By contrast, for producers goods, risks do not disappear even after the sale.
Of course, not every consumer good has the quality that risks disappear during
the last leg of its journey. Luxury goods and specialty items, for example,
fall into this second category. So do consumer goods sold on instalment plans.
The production and distribution of these have to be financed out of savings
through loans, as is done in case of producers goods. Merchandise of the first
category may occasionally have to be downgraded to the second, if demand for
it slackens. Conversely, consumer goods of the second category could be upgraded
to the first if demand for them picks up sufficiently. The bill market is the
final arbiter to draw the shifting line of demarcation separating the two categories.
If a bill can find takers and is readily discounted, then the underlying merchandise
belongs to the first category. Otherwise it belongs to the second.
"Telescoping" payments
We have seen that the RBD has nothing to do with credit expansion by the banks.
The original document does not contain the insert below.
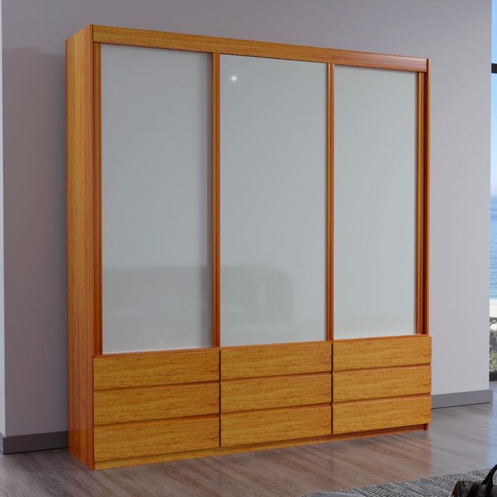 Guarda-roupa 100% Mdf 3 Portas e 9 Gavetas Eco 07 Bom Pastor Naturalle/Off White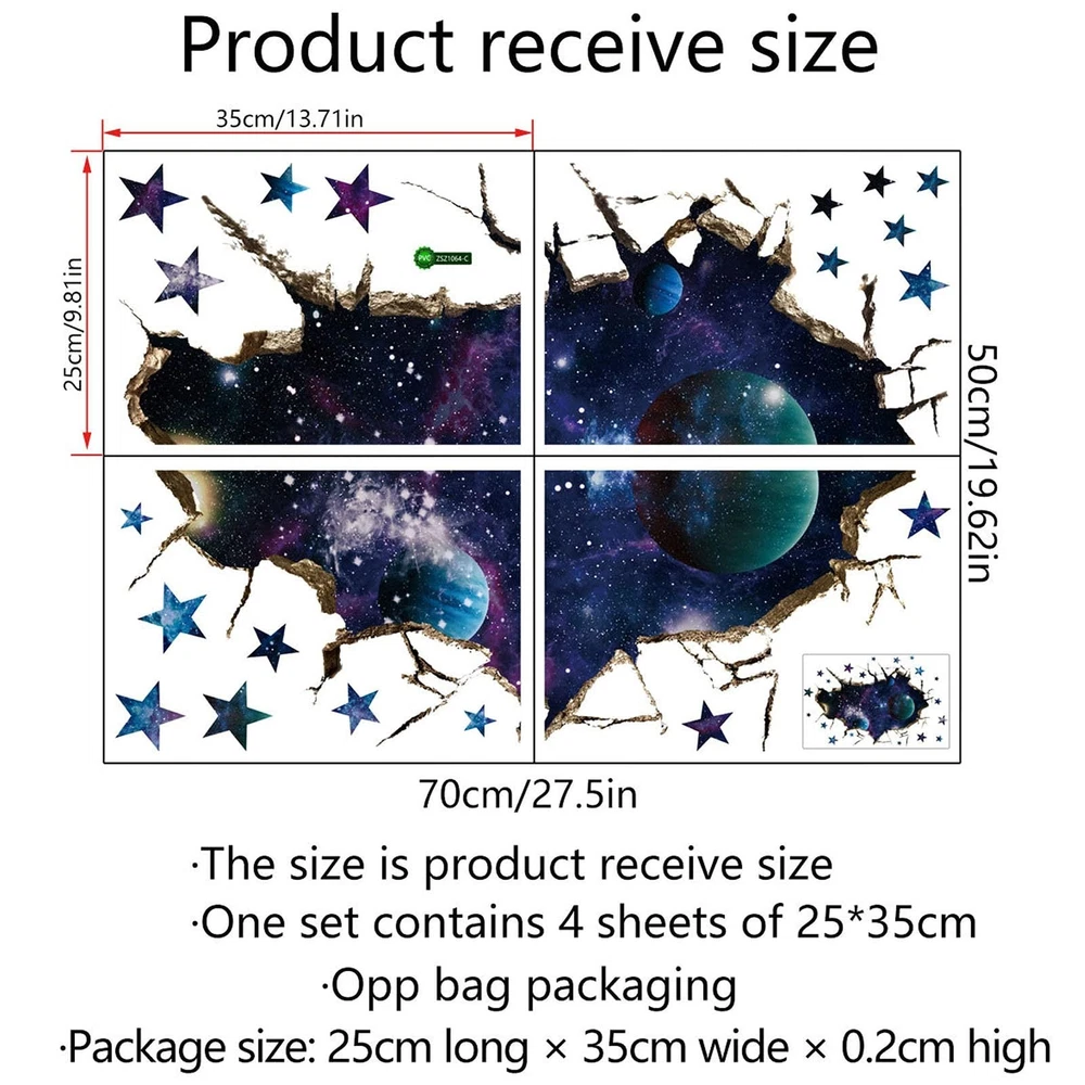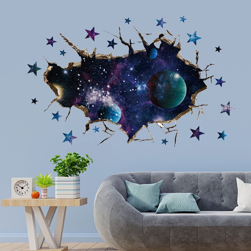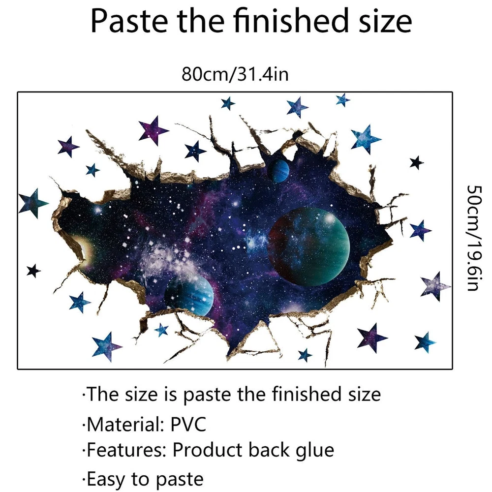 3D Space Galaxy Wall Decor Stickers, Removable Broken Outer Space Planet Waterproof Vinyl Floor Decals, 3D Art Magic Wall Mural Decals for Bedroom Living Room Home Wall Decor Product Details Brand: ASMPIO Color: Multicolor Item dimensions L x W x H: 0.28 x 9.84 x 13.82 inches Recommended Uses For Product: Window Theme: Cartoon,Cat,Magic,Space Cartoon Character: 3D Space Galaxy Special Feature: Waterproof Number of Pieces: 4 Style: 装饰艺术 Age Range (Description): Kid Brand: ASMPIO Color: Multicolor Item dimensions L x W x H: 0.28 x 9.84 x 13.82 inches Recommended Uses For Product: Window Theme: Cartoon,Cat,Magic,Space Cartoon Character: 3D Space Galaxy Special Feature: Waterproof Number of Pieces: 4 Style: 装饰艺术 Age Range (Description): Kid Reusability: Single Use Item Form: Sheet Pattern: Cartoon Indoor/Outdoor Usage: Indoor Finish Type: Polished Animal theme: Cat Water Resistance Level: Waterproof Number of Items: 4 UPC: 785382594216 Product Dimensions: 0.28 x 9.84 x 13.82 inches Item Weight: 2.39 ounces Manufacturer: ASMPIO Item model number: 1 Date First Available: July 22, 2021 Package & Size4 Sheets of cartoon cat wall stickers with a size of 35 x 25cm/13.7 x 9.8 in (L x W), after finish size 50cm80cm/19.6 31.4 inch. Premium Material The 3D Space wall decals are made of premium self-adhesive PVC with high-resolution colorful printing. Safe, non-toxic, waterproof, no easy tear. It can be removed easily and will not leave residues, friendly to the wall, will last for years without fading, wrinkling, or peeling. Easy to Stick & PeelThey are pre-cut stickers, each animal and pattern sticker has been polished. You just need to peel them off and stick them on the smooth, clean and dry surface, there is no need for additional glue. Decoration ScenesThis vivid outer space blue cosmic wall decal is suitable to decorate bedroom, living room, and also perfect for doors, windows, closet, floor decoration, ceiling decor, home decorations, space exhibition hall, amusement parks. Great gift for like Christmas, birthday. 3D Design3D effect technology can create incredible views and depicting a vast universe scene. This outer space decals will bring a colorful refreshing change to walls, will transform your room in seconds, unique, a fun and creative way of decorations. Specification:Item Type: Removable Wall StickersMaterial: PVC and paperPattern: DIY 3D Space Galaxy Wall StickersPackage Contents: 4 Sheets of cartoon animal wall stickers with a size of 35 x 25cm/13.7 x 9.8 in (L x W)Easy to use:Before you paste the stickers, please ensure the surface is clean and dry without any spot, dirt or water; just need to peel and stick them on the smooth; It is normal to find out some bubbles when you complete, just press the bubble out.Notes:1.Before use, please make sure that the surface is smooth, level, clean, dry and non-porous, so as to avoid the problem of falling decals2.Since the size is measured manually,please allow a slight deviation in the measurement data

On the contrary, the remarkable fact is precisely that the RBD works also in
an economy bereft of banks. It deals with the singular phenomenon that bills
drawn on emerging goods sufficiently close to the ultimate cash-paying consumer
circulate on their own wings and under their own steam, provided only that
those goods are in urgent demand.
For this reason, if you want to refute the RBD, then it is not good enough
to attack the banks for their part in credit expansion. You have to refute
the phenomenon, acknowledged by Mises himself, that the bill of exchange is,
in and of itself, fully capable of spontaneous monetary circulation. Typically,
it is used in payment for higher-order goods by the producer of lower-order
goods. In more details, bills drawn on the producer of an (n 1)-st
order good, by virtue of his being that much closer to the ultimate gold-paying
consumer, become a means of exchange in the hand of the producer of n-th
order goods when he pays the producer of (n + 1)-st order goods for
supplies. As the final product is sold to the consumer, his gold coin will
liquidate all claims that have arisen along its journey through the various
stages of production. Several payments have been, as it were, telescoped into
one. This is clearing at work. This is the meaning of the assertion that the
credit represented by the bill of exchange is self-liquidating. This is credit
the volume of which flows and ebbs with the propensity to consume.
Can circulating capital be financed out of savings?
Moreover, as I shall now show, it is not possible to finance all of society's
circulating capital out of savings. It would put inordinate demand on savings
that simply could not be met. Consider a hypothetical product called "miltonic".
It is in urgent demand as a medicine that helps preventing cancer. Its production
cycle takes 91 days, with as many as 90 firms participating, so that the sojourn
of the semi-finished product at every one of the 90 stops takes one day. The
ultimate consumer is willing to pay $100 for a bottle while the producer of
the 90th order good has paid $11 for raw materials. We shall also
assume that the value added to the maturing product at every stop is $1. Now
if you want to finance the movement of one bottle of miltonic through the various
stages of production, then the pool of circulating gold coins will have to
be invaded 90 times, and you have to withdraw savings in the amount of
11 + 12 + 13 + ... + 98 + 99 + 100 = ½(11 + 100)x90 = 45x111
or $4995, almost 50 times retail value. In other words, there must be savings
in existence in the amount of almost $5000 to move just one bottle of miltonic
through the production process all the way to the consumer. This sum does not
include fixed capital that also has to be financed out of savings! And what
about other items of food, fuel, and clothes, also urgently demanded by the
consumer? Let me suggest it to you that no conceivable economy can generate
savings so prodigiously as to move all the indispensable items to the consumer.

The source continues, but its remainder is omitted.